> EXERCISE DESCRIPTION:
Once you reach the line containing "Für alle, die" in the entries below, write out that line and each one after it down to the line containing "This refined approach", exactly and with nothing added.

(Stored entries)
== Segment start ==

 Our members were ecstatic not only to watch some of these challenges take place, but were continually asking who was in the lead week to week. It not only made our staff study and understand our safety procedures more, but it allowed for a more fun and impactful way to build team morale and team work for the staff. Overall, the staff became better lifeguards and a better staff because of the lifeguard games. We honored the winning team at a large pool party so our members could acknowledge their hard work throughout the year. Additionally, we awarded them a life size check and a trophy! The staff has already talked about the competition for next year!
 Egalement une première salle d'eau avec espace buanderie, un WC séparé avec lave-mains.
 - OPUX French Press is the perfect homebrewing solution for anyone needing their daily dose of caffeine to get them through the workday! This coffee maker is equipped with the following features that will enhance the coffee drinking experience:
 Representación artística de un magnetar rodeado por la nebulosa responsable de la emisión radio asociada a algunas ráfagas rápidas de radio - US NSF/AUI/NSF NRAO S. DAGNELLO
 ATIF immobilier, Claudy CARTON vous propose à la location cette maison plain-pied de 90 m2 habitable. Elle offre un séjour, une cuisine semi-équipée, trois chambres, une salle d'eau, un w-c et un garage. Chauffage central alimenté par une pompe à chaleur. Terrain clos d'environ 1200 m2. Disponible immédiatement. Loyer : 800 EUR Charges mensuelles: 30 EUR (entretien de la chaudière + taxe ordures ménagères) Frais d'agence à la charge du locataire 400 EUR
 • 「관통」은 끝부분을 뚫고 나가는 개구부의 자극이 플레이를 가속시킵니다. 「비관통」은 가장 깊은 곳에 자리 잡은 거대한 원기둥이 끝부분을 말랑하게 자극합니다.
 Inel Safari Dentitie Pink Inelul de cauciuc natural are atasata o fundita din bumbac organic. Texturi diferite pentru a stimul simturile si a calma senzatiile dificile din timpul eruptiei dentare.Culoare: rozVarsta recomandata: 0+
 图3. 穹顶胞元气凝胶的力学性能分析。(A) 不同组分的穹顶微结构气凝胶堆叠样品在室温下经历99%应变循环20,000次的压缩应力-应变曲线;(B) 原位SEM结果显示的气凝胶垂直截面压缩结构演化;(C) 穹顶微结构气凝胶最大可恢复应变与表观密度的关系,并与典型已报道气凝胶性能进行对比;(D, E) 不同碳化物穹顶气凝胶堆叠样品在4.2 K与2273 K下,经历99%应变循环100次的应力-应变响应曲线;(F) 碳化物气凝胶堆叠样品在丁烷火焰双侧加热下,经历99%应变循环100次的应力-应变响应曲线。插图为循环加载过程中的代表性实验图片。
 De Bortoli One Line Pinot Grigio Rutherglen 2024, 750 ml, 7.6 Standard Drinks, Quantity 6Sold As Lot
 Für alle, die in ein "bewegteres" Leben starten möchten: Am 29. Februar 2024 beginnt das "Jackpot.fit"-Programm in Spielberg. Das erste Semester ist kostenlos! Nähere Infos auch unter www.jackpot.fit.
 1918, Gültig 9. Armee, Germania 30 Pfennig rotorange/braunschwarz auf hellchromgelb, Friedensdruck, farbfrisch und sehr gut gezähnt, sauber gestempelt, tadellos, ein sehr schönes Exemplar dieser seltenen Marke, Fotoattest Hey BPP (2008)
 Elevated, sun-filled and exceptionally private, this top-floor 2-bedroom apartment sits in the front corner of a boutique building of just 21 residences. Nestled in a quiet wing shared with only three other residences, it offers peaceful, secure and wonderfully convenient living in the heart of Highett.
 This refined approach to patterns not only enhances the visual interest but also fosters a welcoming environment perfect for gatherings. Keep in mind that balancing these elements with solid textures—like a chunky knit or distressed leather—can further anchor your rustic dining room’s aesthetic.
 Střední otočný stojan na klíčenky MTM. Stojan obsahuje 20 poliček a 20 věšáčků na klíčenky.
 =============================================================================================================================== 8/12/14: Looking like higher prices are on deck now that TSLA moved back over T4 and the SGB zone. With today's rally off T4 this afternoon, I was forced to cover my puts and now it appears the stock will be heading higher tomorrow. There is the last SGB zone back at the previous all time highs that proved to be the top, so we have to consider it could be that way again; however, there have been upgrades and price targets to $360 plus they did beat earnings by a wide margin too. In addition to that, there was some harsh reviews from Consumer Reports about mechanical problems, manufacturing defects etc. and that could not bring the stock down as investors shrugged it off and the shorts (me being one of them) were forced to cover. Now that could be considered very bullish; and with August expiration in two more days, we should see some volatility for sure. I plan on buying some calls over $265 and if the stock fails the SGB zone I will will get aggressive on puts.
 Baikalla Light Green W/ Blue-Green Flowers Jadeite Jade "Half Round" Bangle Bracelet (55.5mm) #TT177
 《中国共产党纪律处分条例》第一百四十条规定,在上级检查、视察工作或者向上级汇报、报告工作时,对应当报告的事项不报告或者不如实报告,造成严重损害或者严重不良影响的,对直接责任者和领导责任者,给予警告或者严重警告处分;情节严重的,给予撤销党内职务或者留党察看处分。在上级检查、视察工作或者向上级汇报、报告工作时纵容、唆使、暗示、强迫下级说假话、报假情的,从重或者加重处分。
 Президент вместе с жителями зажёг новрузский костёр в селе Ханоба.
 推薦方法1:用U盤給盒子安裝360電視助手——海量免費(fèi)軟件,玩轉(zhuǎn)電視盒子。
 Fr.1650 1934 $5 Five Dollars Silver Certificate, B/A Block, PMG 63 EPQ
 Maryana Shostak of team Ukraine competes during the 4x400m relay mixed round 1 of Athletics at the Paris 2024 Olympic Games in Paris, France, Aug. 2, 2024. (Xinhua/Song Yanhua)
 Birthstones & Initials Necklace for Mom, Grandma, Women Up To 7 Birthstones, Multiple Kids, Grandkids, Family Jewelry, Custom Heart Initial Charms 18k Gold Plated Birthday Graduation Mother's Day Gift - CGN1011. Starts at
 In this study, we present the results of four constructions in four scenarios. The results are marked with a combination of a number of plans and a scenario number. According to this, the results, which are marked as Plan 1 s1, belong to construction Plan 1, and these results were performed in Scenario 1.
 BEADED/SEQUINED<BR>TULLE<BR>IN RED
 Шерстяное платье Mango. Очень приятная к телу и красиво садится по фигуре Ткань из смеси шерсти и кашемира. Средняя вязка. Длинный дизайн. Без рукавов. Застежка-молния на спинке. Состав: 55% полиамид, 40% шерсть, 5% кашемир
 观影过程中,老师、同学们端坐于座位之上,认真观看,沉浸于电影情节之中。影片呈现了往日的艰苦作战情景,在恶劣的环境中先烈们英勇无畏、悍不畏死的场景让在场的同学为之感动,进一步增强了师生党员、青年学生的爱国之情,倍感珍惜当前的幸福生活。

== Segment end ==

> COMPLETED TASK:
 Für alle, die in ein "bewegteres" Leben starten möchten: Am 29. Februar 2024 beginnt das "Jackpot.fit"-Programm in Spielberg. Das erste Semester ist kostenlos! Nähere Infos auch unter www.jackpot.fit.
 1918, Gültig 9. Armee, Germania 30 Pfennig rotorange/braunschwarz auf hellchromgelb, Friedensdruck, farbfrisch und sehr gut gezähnt, sauber gestempelt, tadellos, ein sehr schönes Exemplar dieser seltenen Marke, Fotoattest Hey BPP (2008)
 Elevated, sun-filled and exceptionally private, this top-floor 2-bedroom apartment sits in the front corner of a boutique building of just 21 residences. Nestled in a quiet wing shared with only three other residences, it offers peaceful, secure and wonderfully convenient living in the heart of Highett.
 This refined approach to patterns not only enhances the visual interest but also fosters a welcoming environment perfect for gatherings. Keep in mind that balancing these elements with solid textures—like a chunky knit or distressed leather—can further anchor your rustic dining room’s aesthetic.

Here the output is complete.